As duas pessoas fazem parte de um pequeno estudo para testar a segurança e viabilidade do tratamento. As descobertas iniciais foram anunciadas na semana passada na reunião anual da Sociedade Americana de Terapia Genética e Celular, em Boston.

“Estamos ainda nos primeiros tempos. Se conseguirmos fornecer a prova de conceito de que esta abordagem é segura e eficaz, então existem muitas formas de a otimizar, para a tornar mais acessível e escalável”, afirma Steven Deeks, professor de medicina e especialista em VIH na Universidade da Califórnia, em São Francisco, que liderou o ensaio.

A técnica, conhecida como terapia com células CAR-T, tem sido usada em dezenas de milhares de pacientes com cânceres difíceis de tratar. Cerca de meia dúzia de medicamentos foram aprovados e dependem dessa técnica. O tratamento essencialmente sobrecarrega o sistema imunológico de uma pessoa para atacar e eliminar diretamente as células cancerígenas. Recentemente, também tem sido usado com sucesso para tratar doenças autoimunes graves.

“Isto é muito entusiasmante”, afirma Andrea Gramatica, vice-presidente de investigação da amfAR, a Fundação para a Investigação da SIDA, que não esteve envolvida no ensaio. “A razão pela qual este estudo é importante e particularmente importante é porque dá ao campo do VIH uma pista clínica real de que é possível ensinar o sistema imunitário a controlar o vírus sem terapia anti-retroviral.”

Os cientistas têm procurado uma cura para o VIH desde que o vírus foi identificado pela primeira vez no início da década de 1980. A terapia anti-retroviral previne a progressão para a SIDA, suprimindo o vírus a níveis indetectáveis, mas as pessoas devem tomar medicação para o resto da vida. Transformou o VIH numa doença crónica que permite às pessoas ter uma esperança de vida quase normal. No entanto, nem todas as pessoas seropositivas têm conhecimento do seu estado e, em algumas zonas rurais e de baixos rendimentos do mundo, estes medicamentos ainda não são amplamente acessíveis ou acessíveis.

Até agora, existem menos de uma dúzia de casos documentados de remissão sustentada do VIH – conhecida como “cura funcional” porque o vírus ainda está presente no corpo, mas é suprimido para níveis que são indetectáveis ​​pelo sistema imunitário e a medicação para o VIH já não é necessária.

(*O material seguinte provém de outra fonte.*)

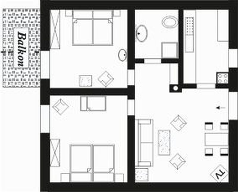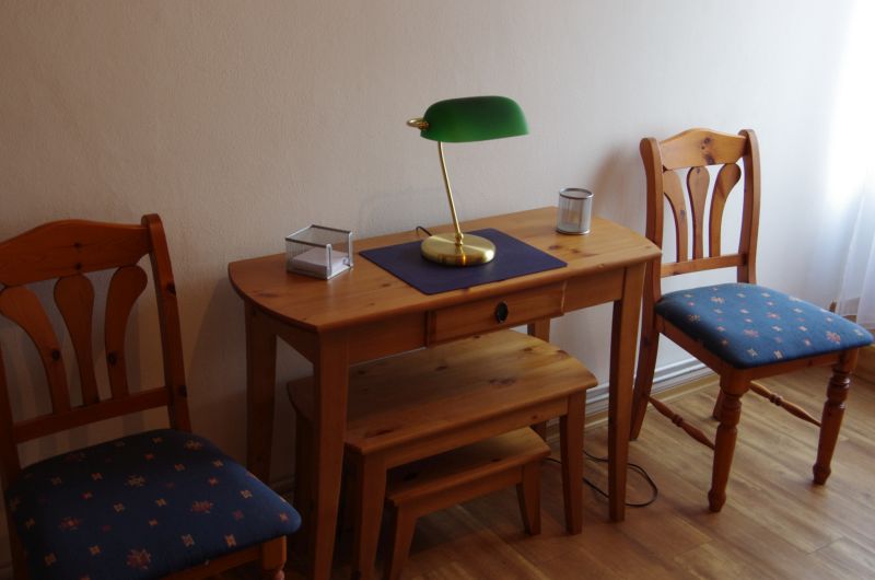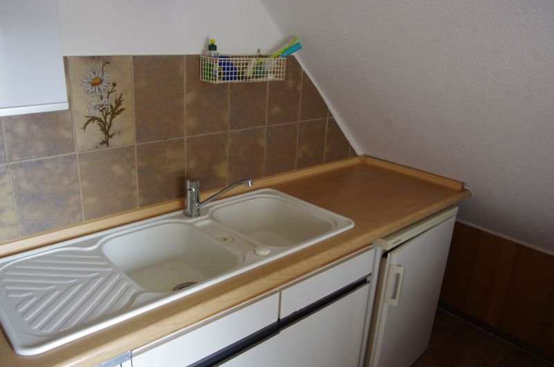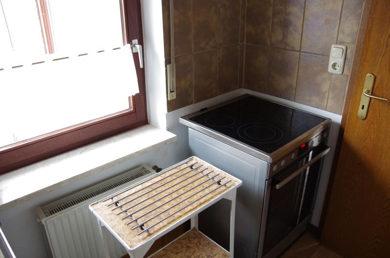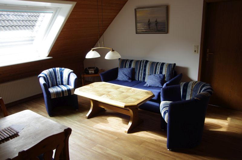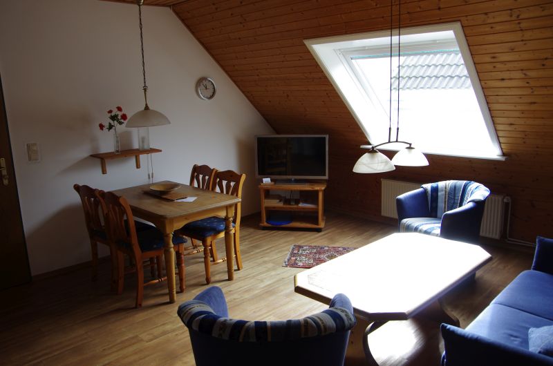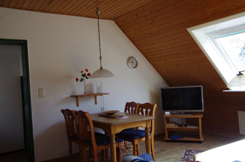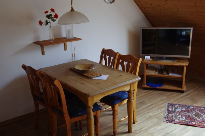 Die im Obergeschoß gelegene Ferienwohnung ist gemütlich und liebevoll eingerichtet. Der Fußboden ist durchgehend mit Vinyl ausgestattet. Der kombinierte Wohn- und Essraum lädt zum Speisen und gemütlichen Zusammensein ein. Die beiden Schlafzimmer sind hell und freundlich. In einem Schlafzimmer befindet sich ein Doppelbett und in dem anderen zwei Einzelbetten, welche jedoch zu einem Doppelbett zusammengeschoben sind. Für die Verdunkelung in beiden Zimmern sorgen die Außenrollläden an den Fenstern. Das Bad ist mit einer Dusche ausgestattet. In der separaten Küche finden Sie alles, was zum Kochen benötigt wird. Der Balkon lädt im Sommer zum Verweilen ein. Ein PKW-Stellplatz ist auf dem Grundstück vorhanden. Fahrräder können überdacht hinter dem Haus abgestellt werden.Wohnbereich
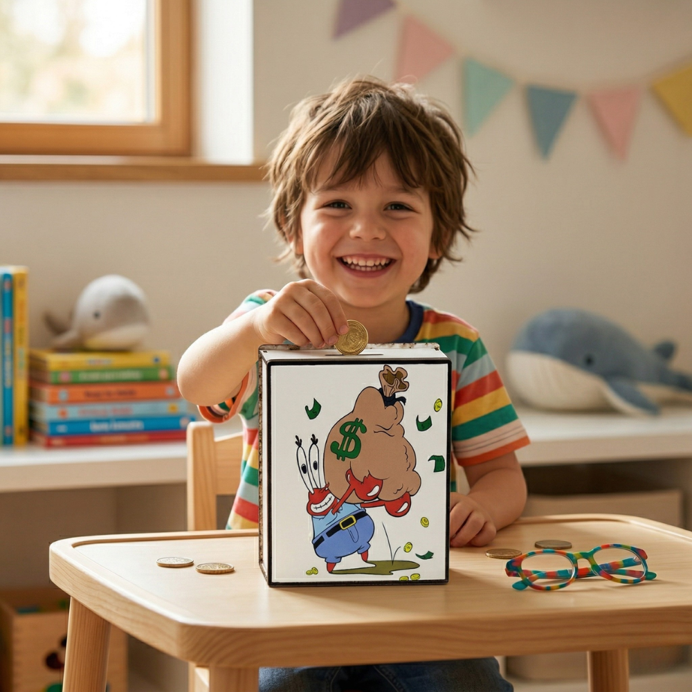 هذه الحصالة ليست مجرد صندوق لحفظ المال، بل هي تجربة متكاملة تساعدك على تغيير سلوكك المالي بطريقة تدريجية وفعالة. ومع التصميم الكرتوني الجذاب، تصبح تجربة الادخار ممتعة للأطفال والكبار على حد سواء.

Cada um desses indivíduos desenvolveu câncer e foi submetido a transplantes de células-tronco como parte do tratamento. Em todos os casos, excepto num, os médicos utilizaram células estaminais de dadores com uma mutação genética rara chamada CCR5, que impede naturalmente que o VIH entre e infecte células saudáveis. Timothy Ray Brown, conhecido como o “paciente de Berlim”, foi a primeira pessoa conhecida a ser curada do HIV desta forma em 2008.

Os exemplos de remissão sustentada “ensinaram-nos que o sistema imunitário pode, nas condições certas, eliminar o VIH”, diz Boro Dropulić, diretor executivo da organização sem fins lucrativos Caring Cross de Maryland, que desenvolveu a terapia CAR-T para o VIH.

Mas os transplantes de células estaminais não são escalonáveis, diz ele. São procedimentos intensivos que acarretam riscos graves, como a doença do enxerto contra o hospedeiro, quando as células transplantadas reconhecem as células do receptor como estranhas e as atacam.

“O que estamos a tentar fazer é conceber esse resultado deliberadamente, sem exigir cancro, sem exigir um doador específico”, diz Dropulić. Sua organização está trabalhando para tornar terapias avançadas como o CAR-T mais acessíveis e acessíveis.